My proposals, which I invite the parents to consider very carefully are as follows :-

  1. When handling snakes as part of their faith, the children shall not handle venomous snakes until such time as the Court can review this safety package
  2. The children shall be supervised by adults at all times
  3. In any event, the parents shall obtain anti-venom serum suitable for treatment of bites from the venomous snakes that they own
  4. The herpetologist having identified the symptoms of snake bite from the venomous snakes that the parents own, the parents shall undertake to administer that anti-venom serum immediately if they observe either of the children to be bitten by a venomous snake; or if they observe these symptoms in the children, and to seek medical attention for the children in either event
  5. This is by way of a placatory mechanism, and does not reflect adversely on the parents’ deep-seated conviction and belief that the children would be unharmed by snake bites.
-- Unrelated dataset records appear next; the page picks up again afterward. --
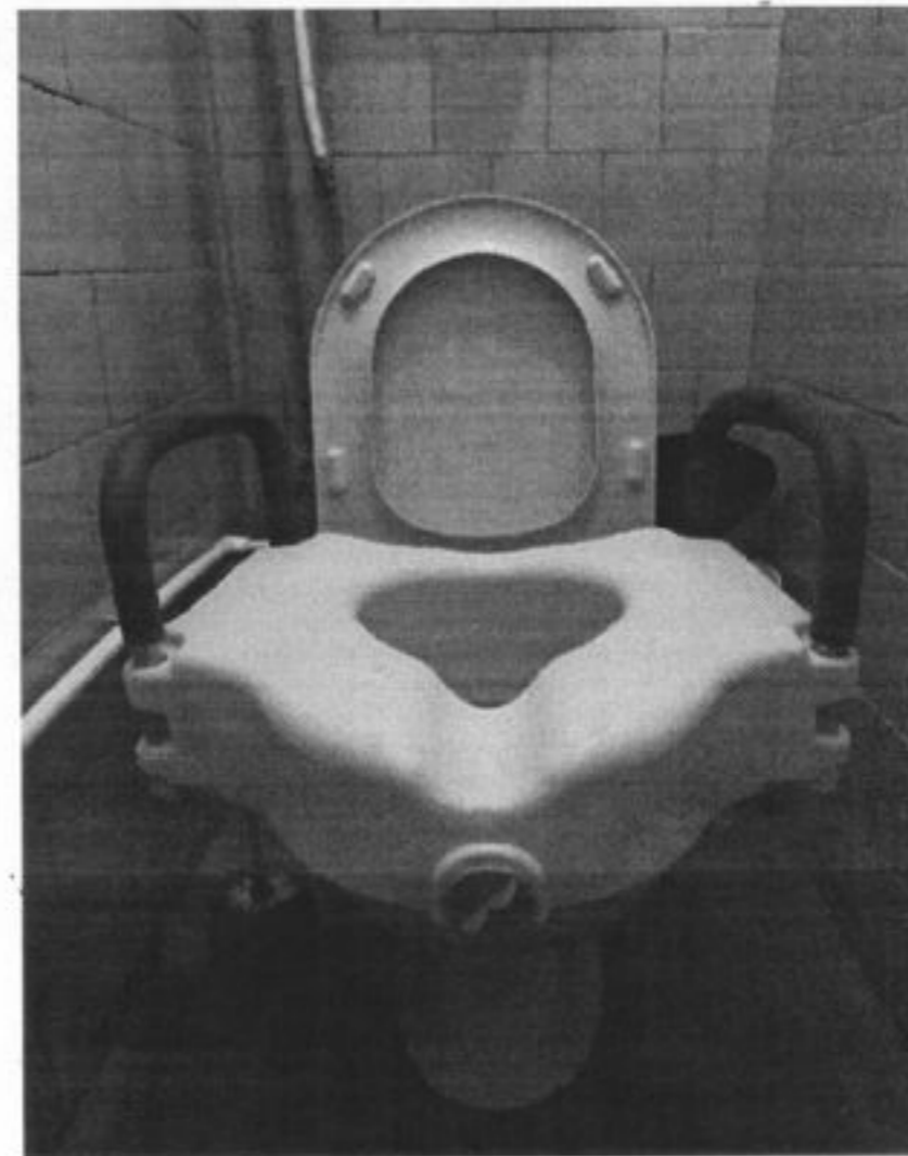
Накладка с поручнями для унитаза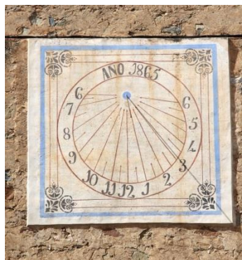
Parròquia de Sant Pere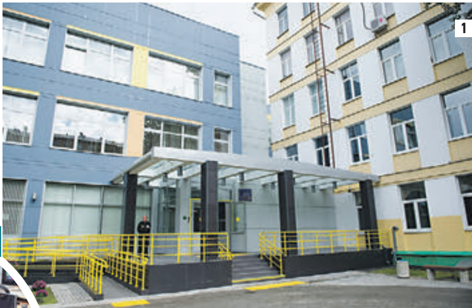
20 августа 2015 года. Новое здание гимназии №1514 (1) обрадует учеников 1 сентября. А в классах их ждет самое современное компьютерное оборудование (2)

залы, хорошая библиотека, медицинский центр, медиатека. Гимназия оснащена всем необходимым современным оборудованием. — Я надеюсь, здесь будет комфортно учиться, — отметил мэр Москвы Сергей Собянин, посетив гимназию 20 августа. — Школа такая серьезная, одна из лучших в городе и одна из лучших, наверное, в стра-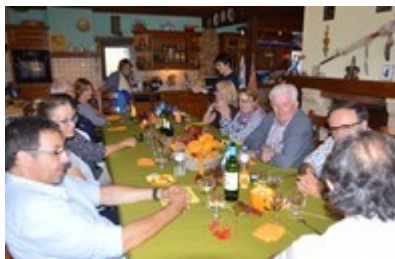
Ph MCV : vue générale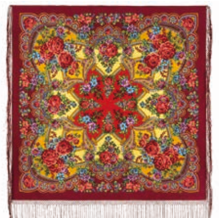
Шаль «Лето». Шерсть. 148x148

It is simply their recognition that the State has to manage that degree of risk that cannot safely be ignored by the Court that the children would not be unharmed by snake bites, regardless of their faith.
  6. The parents accept, as a long-term proposal, that notwithstanding their faith and conviction that the children would be unharmed by handling snakes and would not require any medical intervention, they will keep this safety net in place until such time as the children are adjudged to be competent to make informed decisions about the risks themselves [by which I would contemplate their later teenage years], or the Court rule that the safety provisions may be relaxed.

I would refer the parents to the decision of the High Court in Re W (A Minor) 25th November 1991, involving parents of a child who were Jehovah’s Witnesses and could not consent to a blood transfusion.

In that case, the order was phrased “Being Jehovah’s Witnesses, the parents do not and cannot approve the order hereinafter stated but recognise the power of the Court to direct the same and cannot therefore maintain any objection to this order”

I would ask the parents to go further in this case, but I think a preamble to the order that  “It is accepted by all parties that the parents are snake handlers and profoundly believe that they and their children would receive no harm or damage from handling snakes as part of their religious practice, but recognise the authority of the Court to make decisions about children who are deemed to be at risk of harm, and offer the following assurances to ensure that during the children’s minority, they are protected from harm that might arise from snake-handling, even if that risk is no higher than one which the Court cannot sensibly ignore”   would be a sensible resolution to the religious quandary that the parents find themselves in.